#### Material provided
........

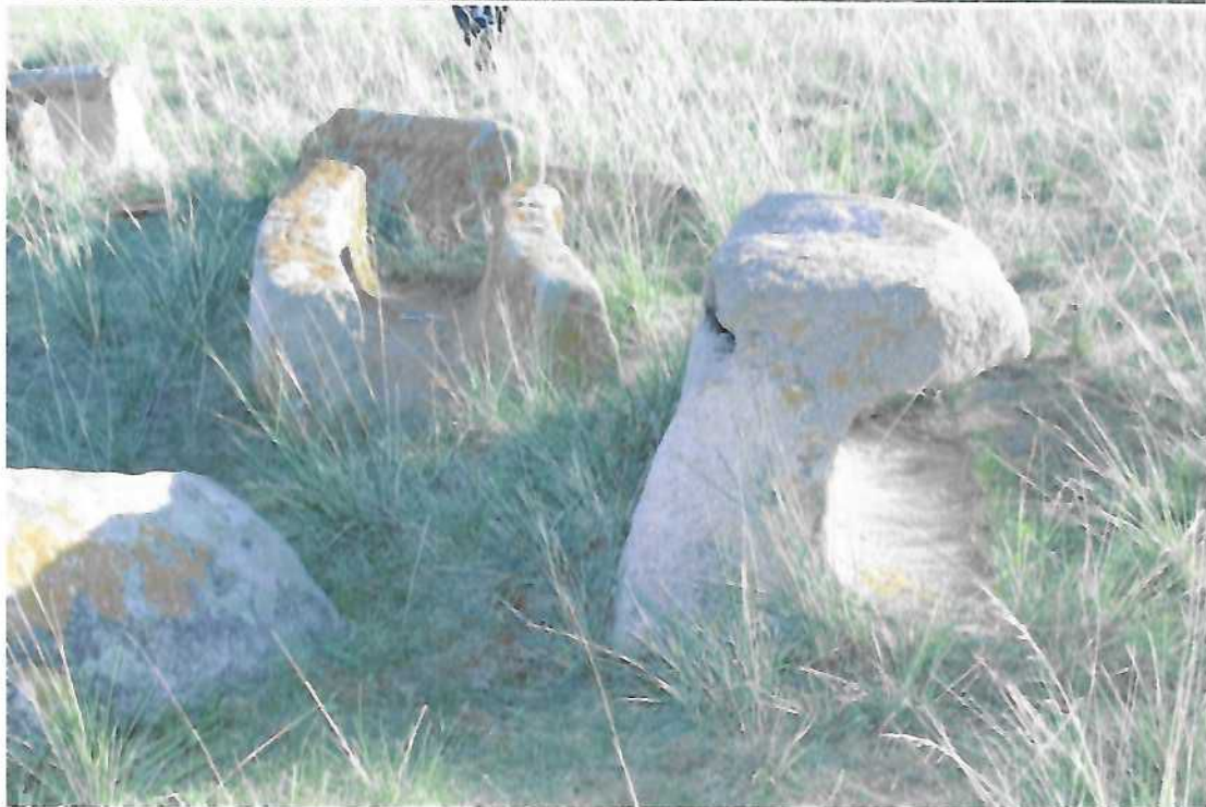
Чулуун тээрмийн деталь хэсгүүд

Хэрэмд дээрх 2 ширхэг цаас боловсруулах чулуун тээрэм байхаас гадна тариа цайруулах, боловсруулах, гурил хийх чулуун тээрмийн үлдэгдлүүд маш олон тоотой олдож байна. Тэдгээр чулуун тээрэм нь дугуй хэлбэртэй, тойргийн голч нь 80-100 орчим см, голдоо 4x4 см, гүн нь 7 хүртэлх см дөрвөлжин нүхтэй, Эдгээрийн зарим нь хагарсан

........

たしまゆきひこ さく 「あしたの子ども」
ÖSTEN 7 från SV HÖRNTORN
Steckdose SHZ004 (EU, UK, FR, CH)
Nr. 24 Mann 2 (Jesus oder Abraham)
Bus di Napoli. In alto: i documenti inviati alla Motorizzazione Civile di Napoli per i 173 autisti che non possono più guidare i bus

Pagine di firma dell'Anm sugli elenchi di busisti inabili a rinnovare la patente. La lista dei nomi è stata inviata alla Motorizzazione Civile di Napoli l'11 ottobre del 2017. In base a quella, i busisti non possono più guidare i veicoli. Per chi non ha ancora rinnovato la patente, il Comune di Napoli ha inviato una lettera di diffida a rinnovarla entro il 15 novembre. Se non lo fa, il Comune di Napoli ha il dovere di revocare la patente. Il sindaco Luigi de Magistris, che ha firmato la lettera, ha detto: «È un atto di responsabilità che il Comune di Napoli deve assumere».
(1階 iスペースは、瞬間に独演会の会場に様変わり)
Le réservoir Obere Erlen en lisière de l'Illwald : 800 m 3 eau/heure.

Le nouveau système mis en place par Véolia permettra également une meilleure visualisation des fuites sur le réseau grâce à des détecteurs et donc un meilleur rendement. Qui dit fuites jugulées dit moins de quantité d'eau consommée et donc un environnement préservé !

........

#### Directions for this task
Copy out all lines from the material above that contain the string "guidare".

#### Response area
Bus di Napoli. In alto: i documenti inviati alla Motorizzazione Civile di Napoli per i 173 autisti che non possono più guidare i bus
Pagine di firma dell'Anm sugli elenchi di busisti inabili a rinnovare la patente. La lista dei nomi è stata inviata alla Motorizzazione Civile di Napoli l'11 ottobre del 2017. In base a quella, i busisti non possono più guidare i veicoli. Per chi non ha ancora rinnovato la patente, il Comune di Napoli ha inviato una lettera di diffida a rinnovarla entro il 15 novembre. Se non lo fa, il Comune di Napoli ha il dovere di revocare la patente. Il sindaco Luigi de Magistris, che ha firmato la lettera, ha detto: «È un atto di responsabilità che il Comune di Napoli deve assumere».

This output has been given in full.